8. The following partial pressure were measured at equilibrium at 2270C. pNH3 = 3atm , pN2 =
6atm and pH2 =4atm. Calculate KP and KC at 2270C for the reaction : 2NH3(g) N2 (g)
+ 3H2(g
To calculate KP and KC at 2270C for the given reaction, you need to use the equilibrium partial pressures of the reactants.
First, let's write the balanced equation for the reaction:
2NH3(g) ⇌ N2(g) + 3H2(g)
To calculate KP, which is the equilibrium constant in terms of partial pressures, you can use the formula:
KP = (pN2 × pH2^3) / pNH3^2
Substituting the given values into the formula:
KP = (6 atm × (4 atm)^3) / (3 atm)^2
KP = (6 × 64) / 9
KP = 384 / 9
KP ≈ 42.67 (rounded to two decimal places)
To calculate KC, which is the equilibrium constant in terms of molar concentrations, you can use the formula:
KC = (cN2 × cH2^3) / cNH3^2
However, we do not have the concentrations of the reactants, only their partial pressures.
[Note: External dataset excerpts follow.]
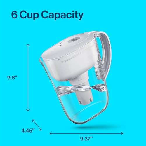 Drink healthier, great-tasting tap water with the BPA-free, small 6-cup Brita Metro Water Filter Pitcher. This filter water pitcher cuts the taste and odor of chlorine, plus it reduces copper, cadmium and mercury impurities, to deliver great-tasting drinking water. By switching to this Brita filter, you can replace 1,800 single-use plastic water bottles a year to stay hydrated, save money and reduce plastic waste. This filtered water pitcher features an easy-fill locking lid that helps prevent unwanted spills and allows for effortless pouring and refilling. An electronic SmartLight filter indicator on this water purifier pitcher lets you know when it is time to change the Brita filter. This water purifier pitcher comes with one Standard water filter, but it's compatible with both Elite and Standard water filters. Replace your Elite filter after 120 gallons or about every six months, or replace your Standard filter after 40 gallons or about every two months. Get great taste, less waste and more savings from Brita.
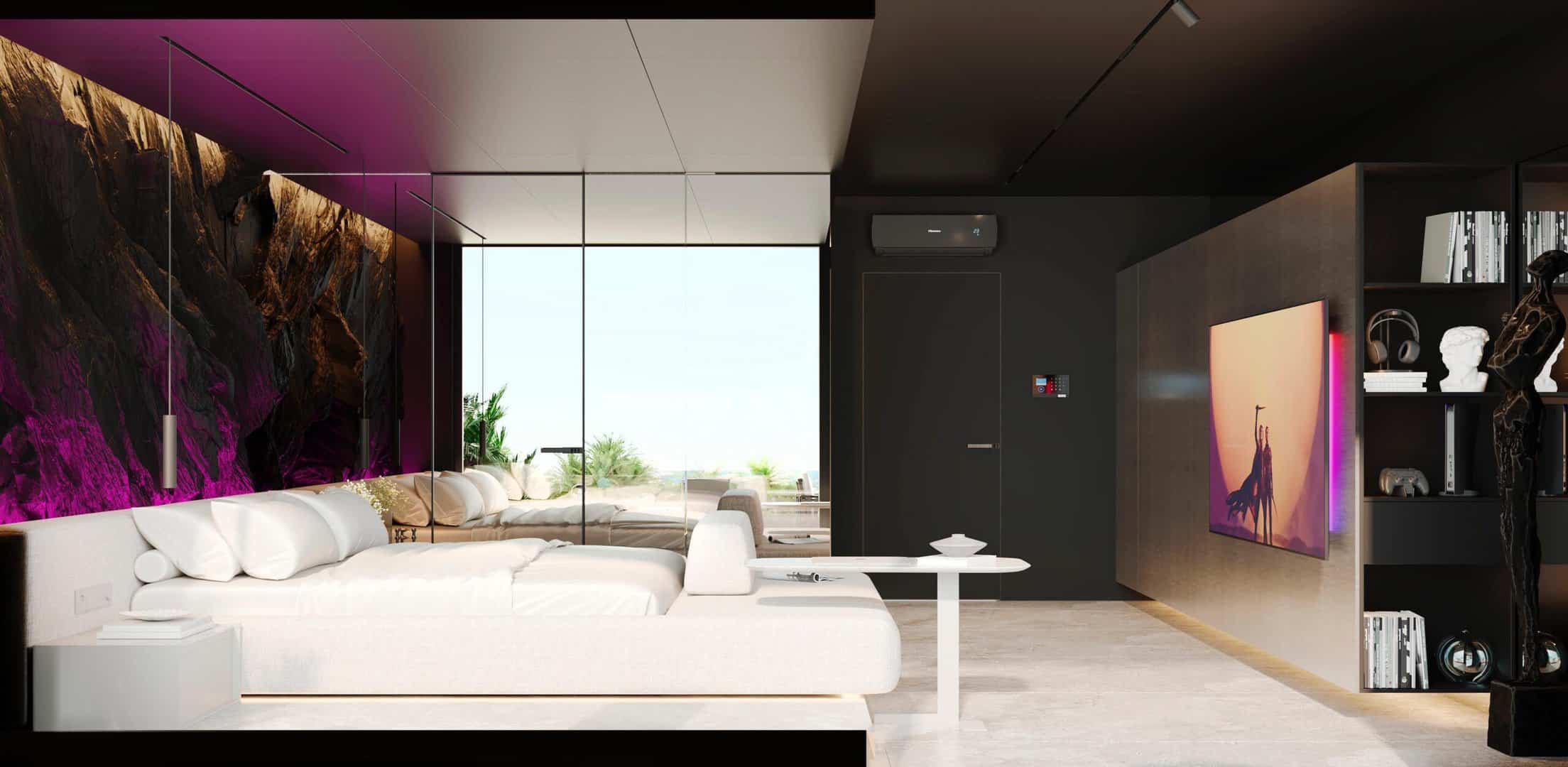 Experience ultimate luxury with this exceptional villa, featuring full smart home control via a mobile app or smart panel, including lighting, automatic curtains, and fingerprint access doors. The hidden, fully equipped kitchen adds a sleek touch, while the spacious bedroom offers a king-size bed. High-quality materials like ceramic tiles, wall panels, stretch ceilings, and backlit onyx elevate the space. Relax in the balcony jacuzzi, surrounded by stunning views.
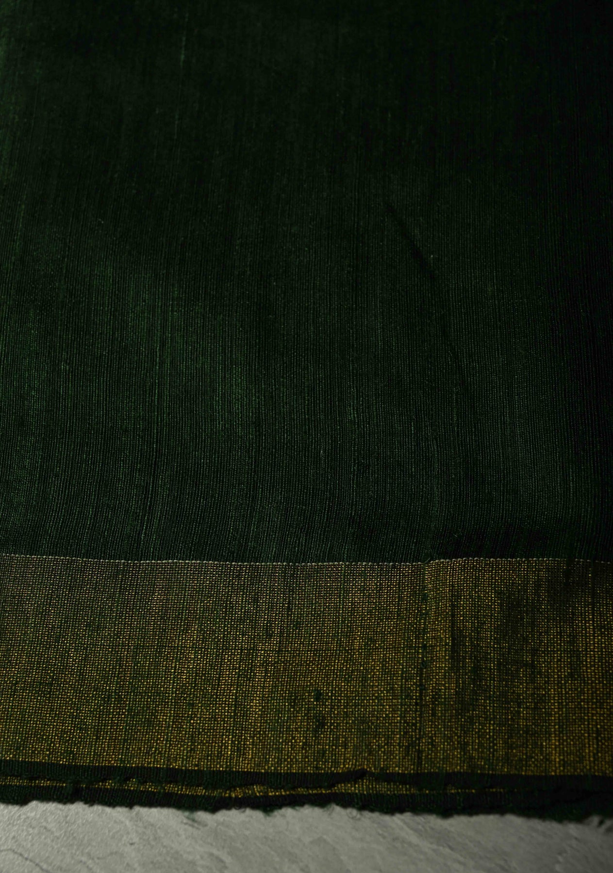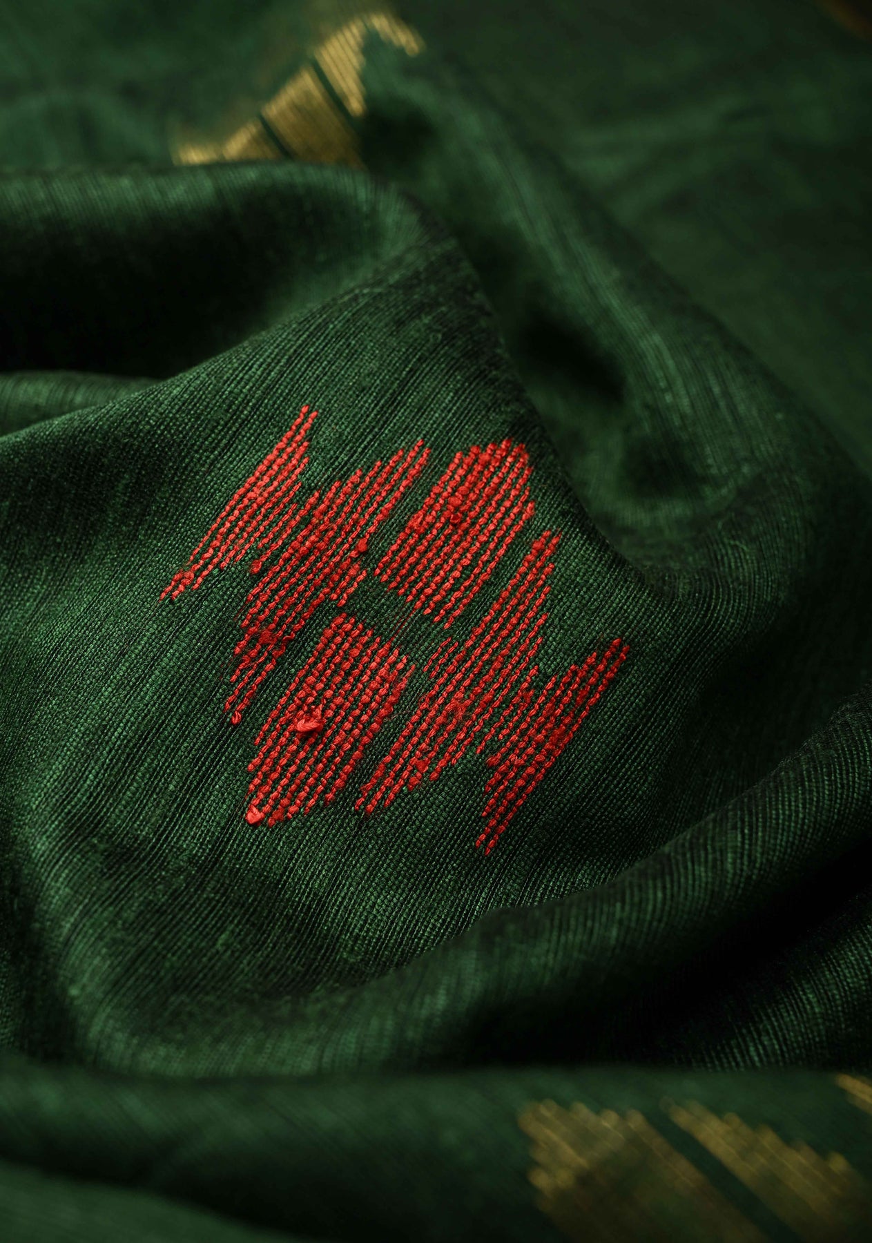 Green Gold Handloom Matka Silk Jamdani Saree with blouse Piece

To calculate KC, we need to convert the partial pressures to concentrations using the ideal gas law.
The ideal gas law states: PV = nRT, where P is pressure, V is volume, n is the number of moles, R is the ideal gas constant, and T is temperature.
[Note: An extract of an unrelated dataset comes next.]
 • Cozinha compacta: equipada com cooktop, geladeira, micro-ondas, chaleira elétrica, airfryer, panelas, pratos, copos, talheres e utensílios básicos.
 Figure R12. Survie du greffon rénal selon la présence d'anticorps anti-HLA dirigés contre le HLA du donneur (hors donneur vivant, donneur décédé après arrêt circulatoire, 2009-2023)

Rearranging the ideal gas law equation, we get:
n = (PV) / RT
Since we have partial pressures, we can assume constant volume (V) and temperature (T), and we can use the equation:
n = P / RT
Now, we need to find the moles of each gas at equilibrium:
nNH3 = pNH3 / RT = 3 atm / (0.0821 L∙atm/(mol∙K) × 227 + 273) ≈ 0.121 mol
nN2 = pN2 / RT = 6 atm / (0.0821 L∙atm/(mol∙K) × 227 + 273) ≈ 0.243 mol
nH2 = pH2 / RT = 4 atm / (0.0821 L∙atm/(mol∙K) × 227 + 273) ≈ 0.162 mol
Now that we have the moles of each gas, we can calculate KC using the formula:
KC = (cN2 × cH2^3) / cNH3^2
Substituting the values:
KC = ((nN2 / V) × (nH2 / V)^3) / (nNH3 / V)^2
KC = (nN2 × nH2^3) / nNH3^2
KC = (0.243 × (0.162)^3) / (0.121)^2
KC ≈ 0.348 (rounded to three decimal places)
So, at 2270C, the equilibrium constants are approximately KP = 42.67 and KC = 0.348.